Senator in the Senate of Barbados
- Incumbent
- Assumed office January 2022
- Prime Minister: Mia Mottley

Member of House of Assembly of Barbados
- In office January 2018 – January 2021

Minister of the Creative Economy, Culture, and Sports
- In office 27 May 2018 – 26 May 2021

Personal details
- Born: 10 May 1964 (age 61)

= John Andrew King =

Barbadian politician

John Andrew King (born 10 May 1964 in Birmingham, England) is a Barbadian politician and entertainer. He currently serves as a senator in the Senate of Barbados since January 2022. He has also served as a Member of Parliament for St Philip West.
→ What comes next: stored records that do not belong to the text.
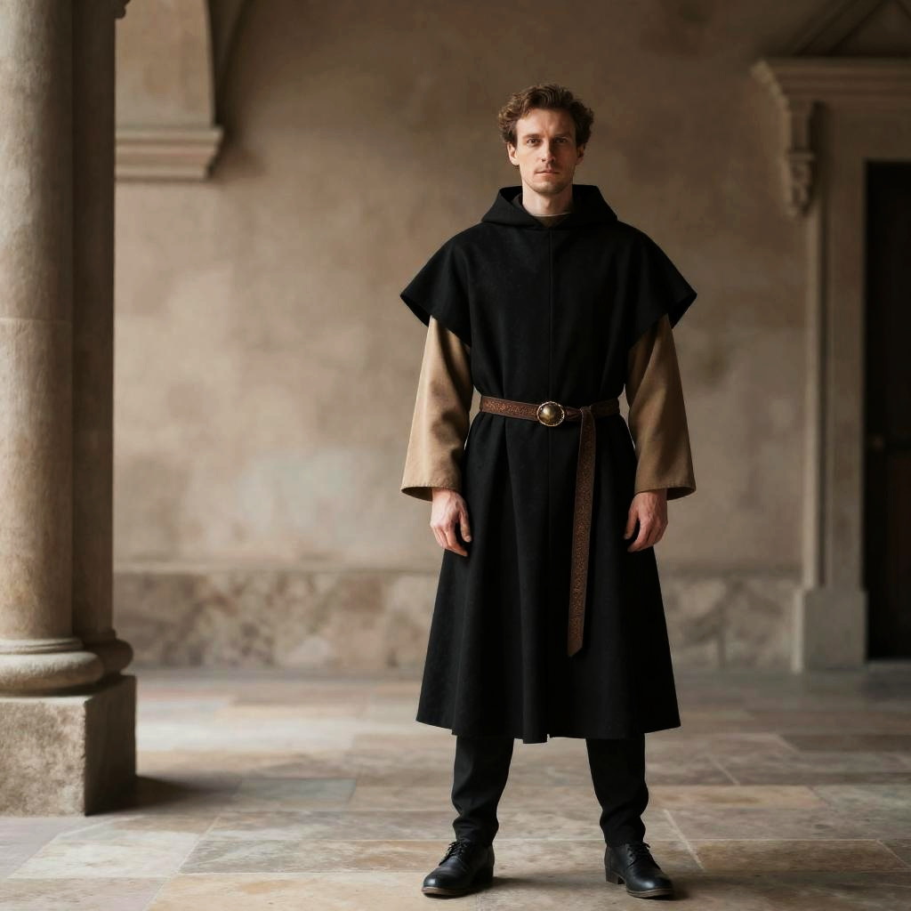 A man dressed in a medieval friar or priest costume stands confidently in a historic stone corridor. His outfit features a black over-robe with a tan under-tunic, cinched at the waist by a decorative brown belt, embodying a traditional medieval clerical style.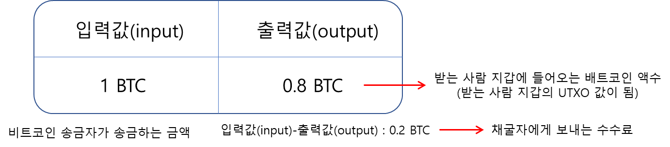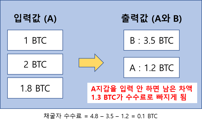 비트코인을 송금하는 과정은 일반적인 은행계좌에서 돈을 출금하는 것과는 다릅니다. 우선 입력값과 출력값이 있는데, 입력값 – 출력값은 수수료로 자동 책정되니 주의해야 합니다.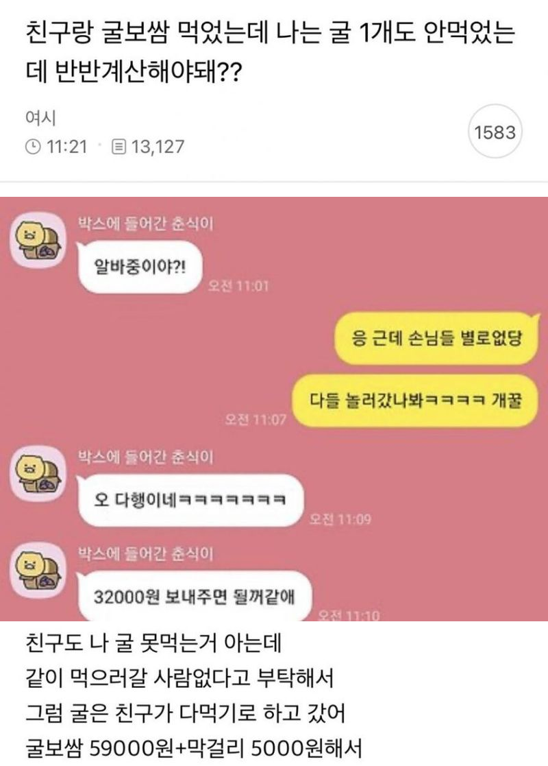 친구랑 굴보쌈 반반계산 논란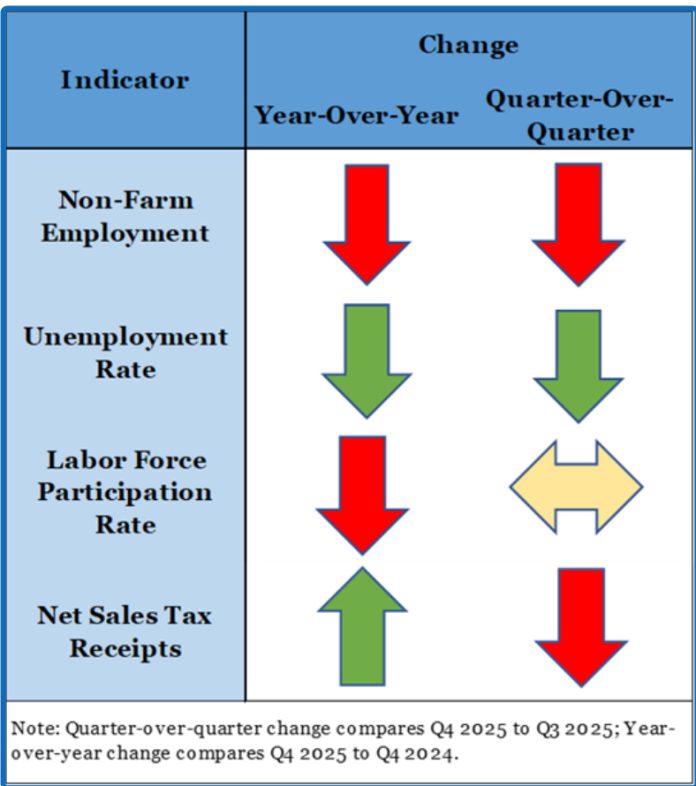 But nonfarm employment – which includes the trade, transportation, utilities and business services sectors – lost 600 jobs from the previous quarter and has dropped 1,600 jobs from a record high set during the first three months of 2025.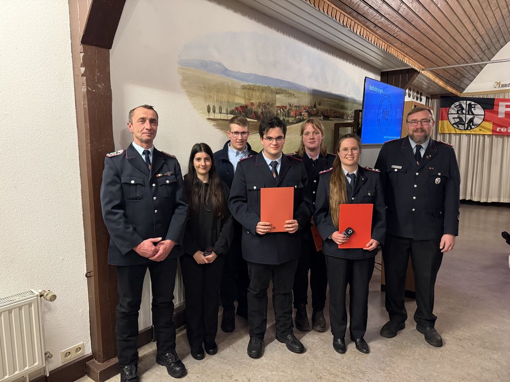 v.l.: Sven Bauch (stellv. Ortsbrandmeister), Dinye Acar, Mattes Köhsel, Ian Becker, Catharina Bick, Laura Becker, Tobias Metz (Ortsbrandmeister und stellv. Stadtbrandmeister). Foto: : Eric Bauer.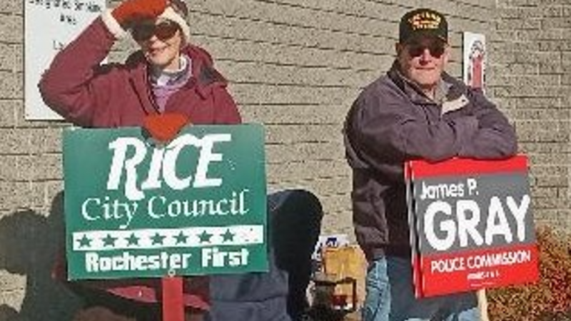 | Susan Rice, who won a City Council seat, left, and Jim Gray, who won a spot on the police commission, welcome voters to the polls at the James W. Foley Memorial Community Center on Tuesday. (Rochester Voice photo) |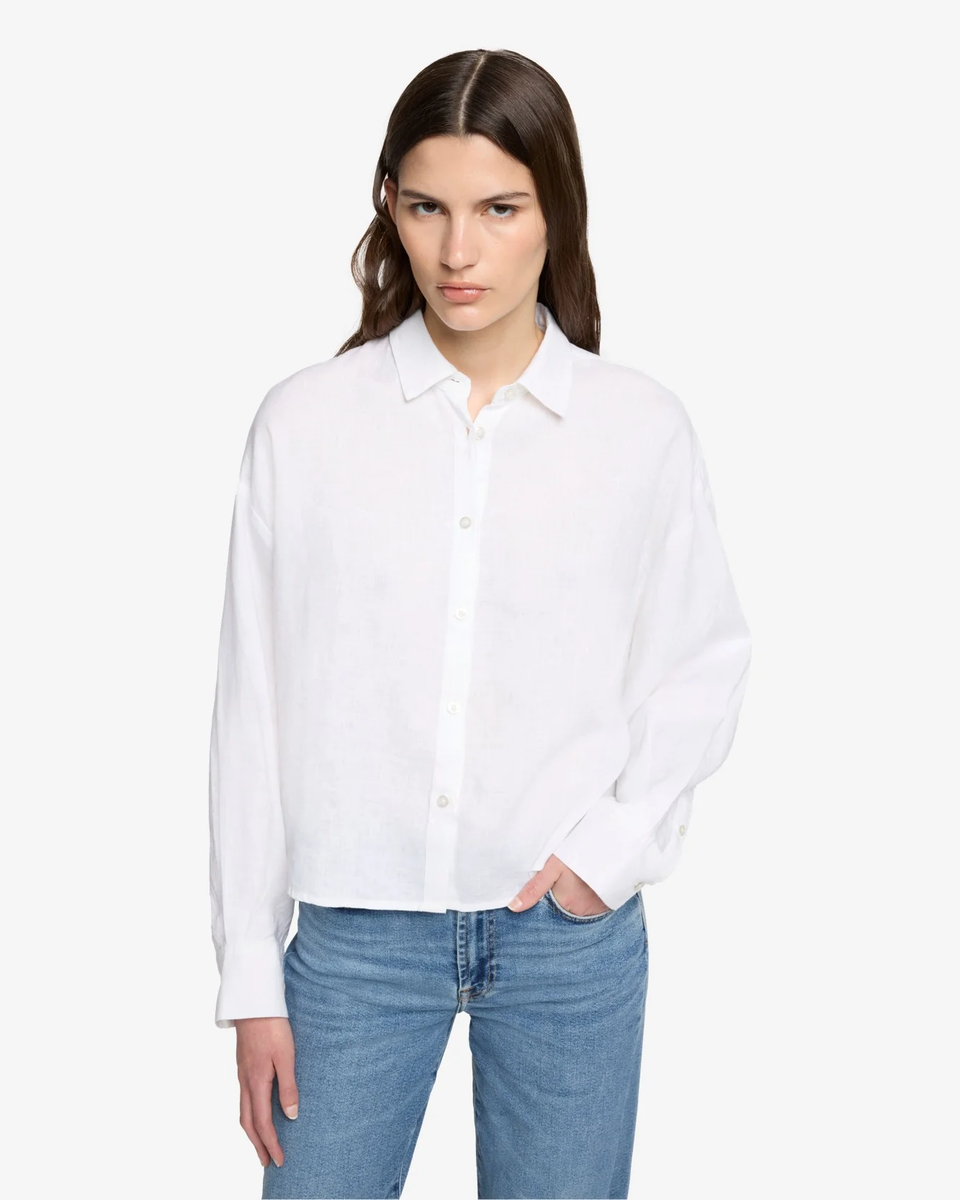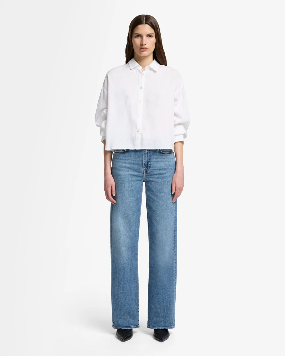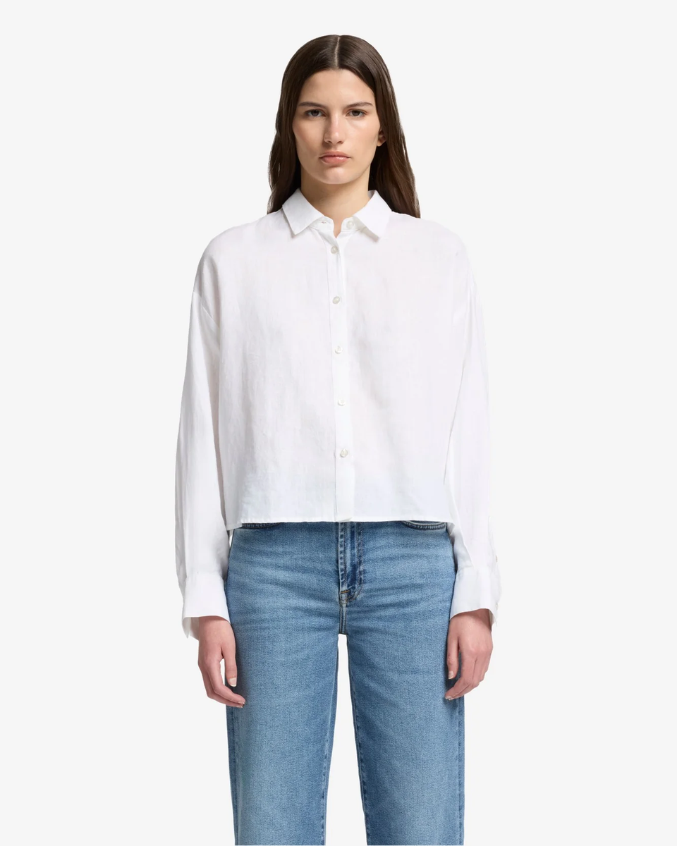 Discover the 7 For All Mankind Linen Cropped Shirt in Optical White
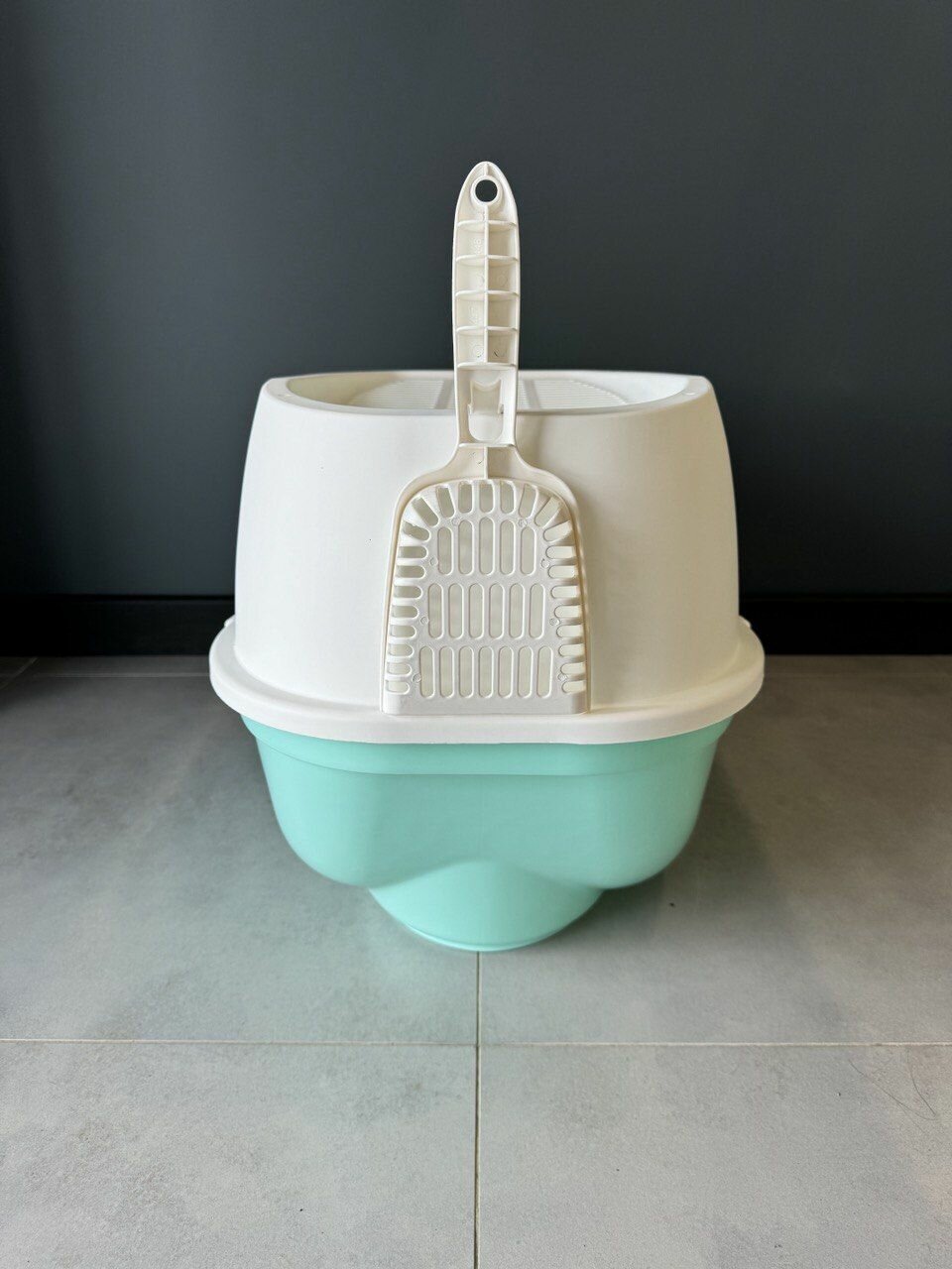 Закрытый лоток (туалет) для кошек "Чистый котик", 61x41.5x41 см, на защелках, совок, ручка, без двери, серый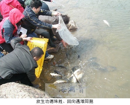 2010年4月18日,辽宁省大连市观海寺举行大型放生法会,为青海省玉树地震灾区祈福,放生功德回向在玉树地震中遇难同胞的亡灵,祈愿灾区有情众生早日脱离苦难,祈祷世界和平、人类安康。(图、文:虚实)

== Early life and education ==
John Andrew King was born on 10 May 1964 in Birmingham to Barbadian parents. He attended Ebenezer primary school. After his primary education, he obtained a degree in Social Work from the University of the West Indies.

== Musical career ==
King has had a long career as a singer, primarily in the calypso and soca genres. He made his singing debut at Crop Over in 1985, initially using the stage name Johnny Ma Boy. He is a two-time Barbados Calypso Monarch and has released six solo albums, he won the Caribbean Song Contest which was held in Trinidad and Tobago in 1992 with "Hold You In A Song" which he did with Alison Hinds https://www.caribbean-beat.com/issue-47/standing-for-something King has also written songs for other artists and bands, including Atlantik.

== Political career ==
During the 2018 Barbadian general election, King ran for the House of Assembly of Barbados and was elected. He was elected through the Barbados Labour Party replacing David Estwick who was a Minister of Agriculture. In May 2018, he was appointed Minister of Creative Economy, Culture, and Sports in the Mia Mottley administration.